(EXERCISE INPUTS)

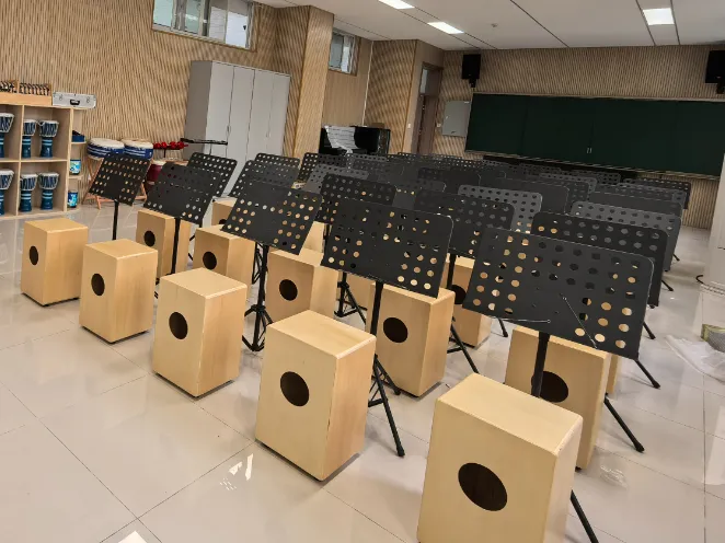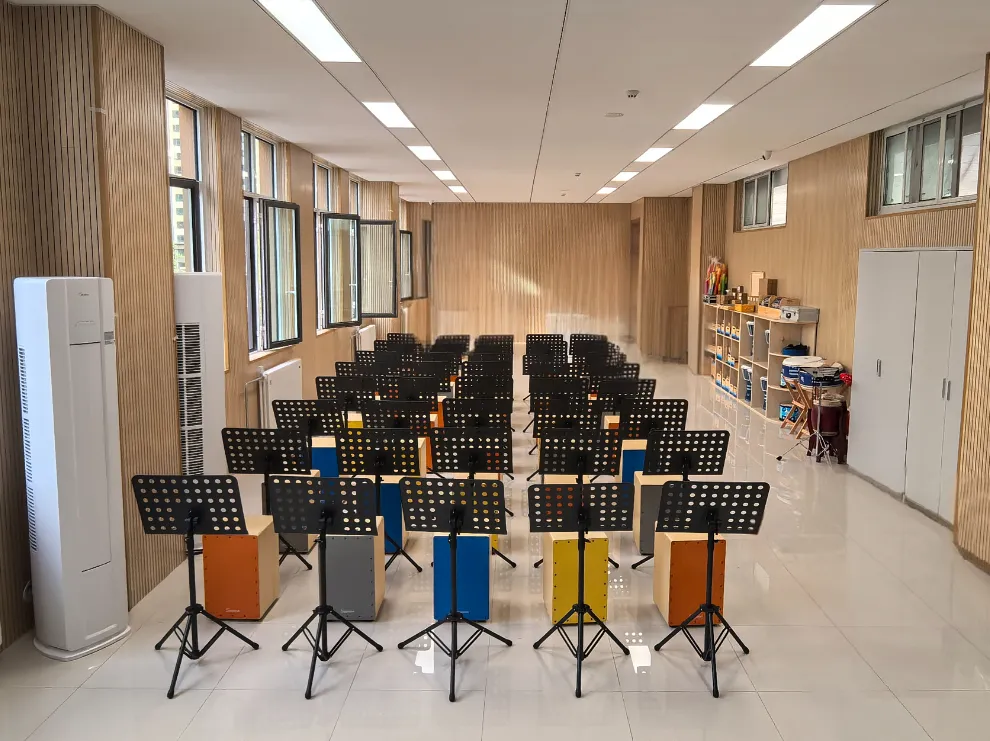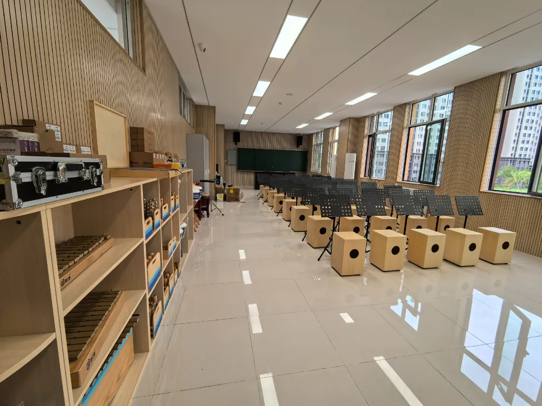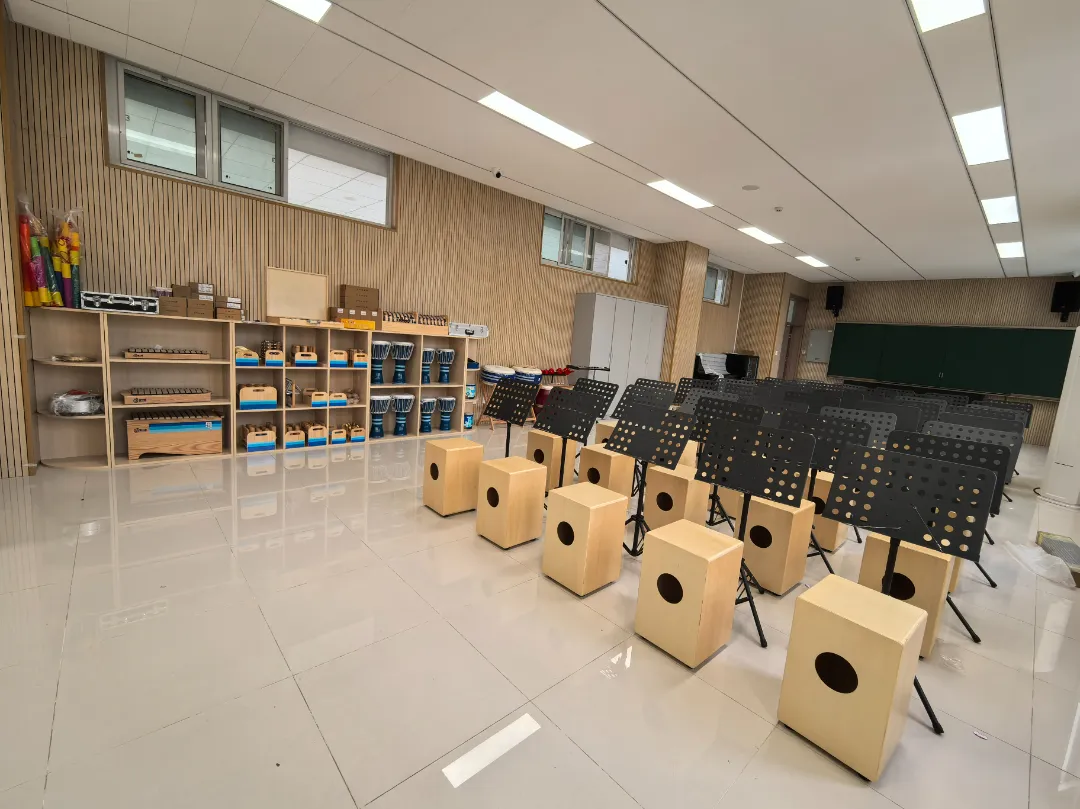 教室滿(mǎn)足中小學(xué)音樂(lè)與唱游課程教學(xué)要求,配備多種樂(lè)器、教具、課程資源等,能夠滿(mǎn)足學(xué)生聆聽(tīng)、欣賞、演奏、創(chuàng)作、排練的需求,培養(yǎng)學(xué)生的創(chuàng)造力、自信心、專(zhuān)注性、合作精神、反應(yīng)能力及全面人格發(fā)展,享受音樂(lè)帶來(lái)的快樂(lè)。
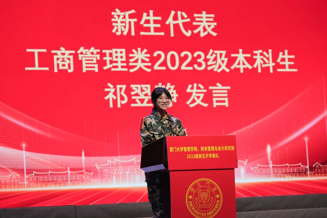 2023级工商管理类本科生祁翌静代表新生发言。她衷心感谢学校和学院的热情接待、老师和学长学姐们的深切关怀,深情讲述了自己奔赴厦门大学、选择管理学院的初衷,希望今后能够勇担使命,与同学们一起用青春诠释誓言,用拼搏铸就辉煌。
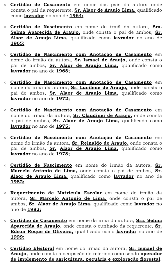 Para comprovar o trabalho rural no período controverso, a parte autora apresentou os seguintes documentos ao formular o pedido administrativo, cuja relação foi descrita na inicial da seguinte forma:
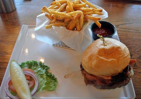 28 November 2014: Give the Stumbling Steer an “A” for effort alone in crafting deliciously different burgers which don’t stray too outlandishly far from tradition. The eponymous Stumbling Steer Burger is of the most creative offerings on the menu. Starting with a half-pound of Angus ground beef, this burger is a melange of delicious ingredients: pastrami, mushrooms, onion relish and Gruyere cheese with red onions, tomato and lettuce on the side. To maximize your enjoyment, eschew the “on the side” ingredients (the tomato is typical of the artificially ripened variety, who needs red onions when you’ve got onion jam and the lettuce is cold and wilted). The onion relish is caramelized in the fashion that renders onions deliciously sweet and tangy. It’s my favorite ingredient in a pretty good burger that truly takes two hands to handle.
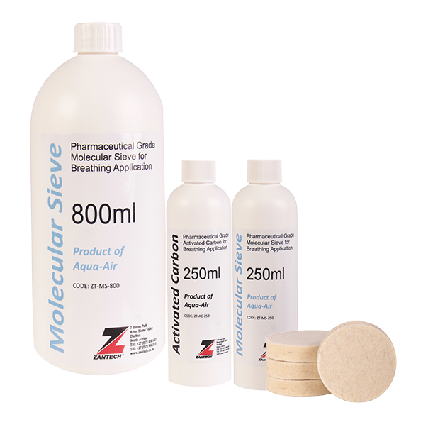 Pharmaceutical grade Molecular Sieve and Activated Carbon, bottled and hermetically sealed in aluminum foil with a shelf life guarantee of 24 months. Felts also included.
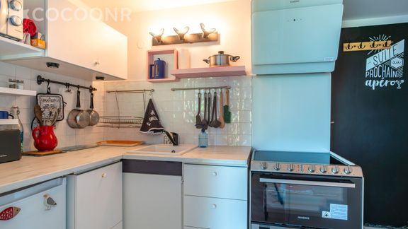 - Une cuisine équipée avec notamment : bouilloire électrique, four, four à micro-ondes, grille-pain, lave-vaisselle, plaques de cuisson...
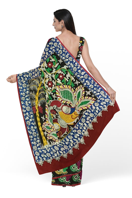 Multicoloured Intricate Hand-Painted Chennur Silk Kalamkari Saree - KPMCS104
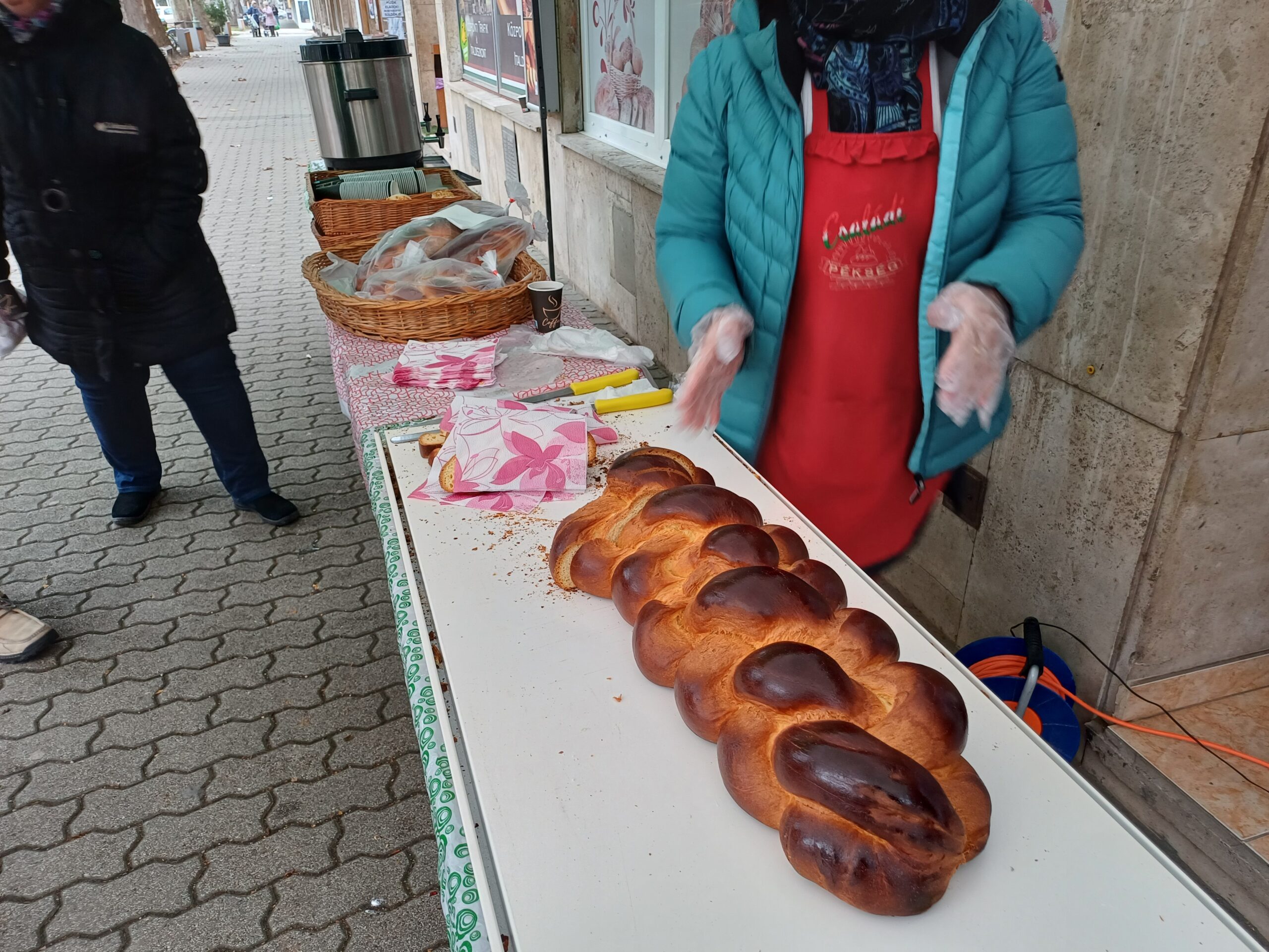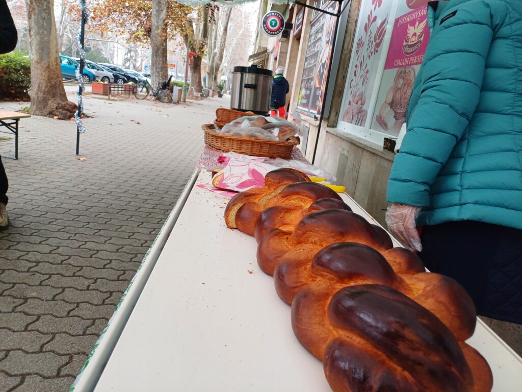 Az ünnepi figyelmesség azonban itt még nem ért véget. Karácsony előtt néhány nappal a pékség a Fő utcán sétálókra is gondolt, hiszen négy darab, egyenként 120 centiméteres kalácsot, pogácsát és meleg teát osztottak szét az arra járók között. Sokak megálltak egy rövid beszélgetésre még azok is, akik eredetileg siettek valahová. A járókelők meghatottan, kedves szavakkal köszönték meg ezt az őszinte, emberi gesztust, amely igazi ünnepi hangulatot teremtett a pékség előtt

(End EXERCISE INPUTS)

The expected result is every record above, word for word, with no pictures in it.

 教室滿(mǎn)足中小學(xué)音樂(lè)與唱游課程教學(xué)要求,配備多種樂(lè)器、教具、課程資源等,能夠滿(mǎn)足學(xué)生聆聽(tīng)、欣賞、演奏、創(chuàng)作、排練的需求,培養(yǎng)學(xué)生的創(chuàng)造力、自信心、專(zhuān)注性、合作精神、反應(yīng)能力及全面人格發(fā)展,享受音樂(lè)帶來(lái)的快樂(lè)。
 2023级工商管理类本科生祁翌静代表新生发言。她衷心感谢学校和学院的热情接待、老师和学长学姐们的深切关怀,深情讲述了自己奔赴厦门大学、选择管理学院的初衷,希望今后能够勇担使命,与同学们一起用青春诠释誓言,用拼搏铸就辉煌。
 Para comprovar o trabalho rural no período controverso, a parte autora apresentou os seguintes documentos ao formular o pedido administrativo, cuja relação foi descrita na inicial da seguinte forma:
 28 November 2014: Give the Stumbling Steer an “A” for effort alone in crafting deliciously different burgers which don’t stray too outlandishly far from tradition. The eponymous Stumbling Steer Burger is of the most creative offerings on the menu. Starting with a half-pound of Angus ground beef, this burger is a melange of delicious ingredients: pastrami, mushrooms, onion relish and Gruyere cheese with red onions, tomato and lettuce on the side. To maximize your enjoyment, eschew the “on the side” ingredients (the tomato is typical of the artificially ripened variety, who needs red onions when you’ve got onion jam and the lettuce is cold and wilted). The onion relish is caramelized in the fashion that renders onions deliciously sweet and tangy. It’s my favorite ingredient in a pretty good burger that truly takes two hands to handle.
 Pharmaceutical grade Molecular Sieve and Activated Carbon, bottled and hermetically sealed in aluminum foil with a shelf life guarantee of 24 months. Felts also included.
 - Une cuisine équipée avec notamment : bouilloire électrique, four, four à micro-ondes, grille-pain, lave-vaisselle, plaques de cuisson...
 Multicoloured Intricate Hand-Painted Chennur Silk Kalamkari Saree - KPMCS104
 Az ünnepi figyelmesség azonban itt még nem ért véget. Karácsony előtt néhány nappal a pékség a Fő utcán sétálókra is gondolt, hiszen négy darab, egyenként 120 centiméteres kalácsot, pogácsát és meleg teát osztottak szét az arra járók között. Sokak megálltak egy rövid beszélgetésre még azok is, akik eredetileg siettek valahová. A járókelők meghatottan, kedves szavakkal köszönték meg ezt az őszinte, emberi gesztust, amely igazi ünnepi hangulatot teremtett a pékség előtt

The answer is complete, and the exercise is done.